__WHAT NEEDS TO BE DONE__: From the entries below, output the line with "The Witch’s Bubbling" and each following line up to and including the line with "LABULY Women Solid Viscose", exactly as written.

__RECORDS PROVIDED__:
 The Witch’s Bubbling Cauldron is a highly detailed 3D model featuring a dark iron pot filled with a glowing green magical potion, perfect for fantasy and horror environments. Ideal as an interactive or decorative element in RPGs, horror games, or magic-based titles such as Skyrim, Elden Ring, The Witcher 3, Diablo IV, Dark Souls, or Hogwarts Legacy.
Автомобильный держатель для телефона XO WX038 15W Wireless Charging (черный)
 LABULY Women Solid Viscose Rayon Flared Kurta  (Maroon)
--
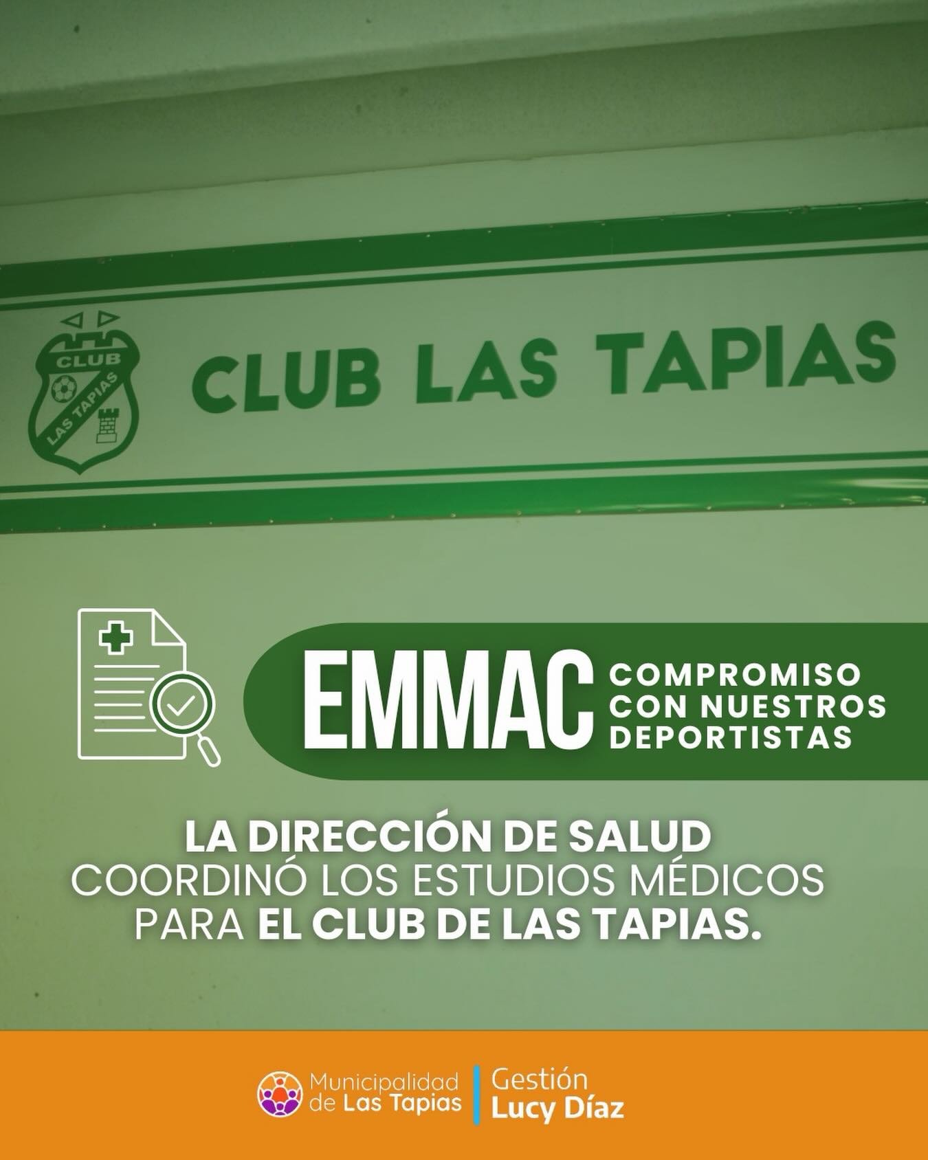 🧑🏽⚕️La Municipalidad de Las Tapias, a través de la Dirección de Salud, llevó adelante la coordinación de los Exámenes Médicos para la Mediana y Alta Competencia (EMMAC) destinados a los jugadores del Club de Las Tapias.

__SOLUTION FOR THIS TASK__:
 The Witch’s Bubbling Cauldron is a highly detailed 3D model featuring a dark iron pot filled with a glowing green magical potion, perfect for fantasy and horror environments. Ideal as an interactive or decorative element in RPGs, horror games, or magic-based titles such as Skyrim, Elden Ring, The Witcher 3, Diablo IV, Dark Souls, or Hogwarts Legacy.
Автомобильный держатель для телефона XO WX038 15W Wireless Charging (черный)
 LABULY Women Solid Viscose Rayon Flared Kurta  (Maroon)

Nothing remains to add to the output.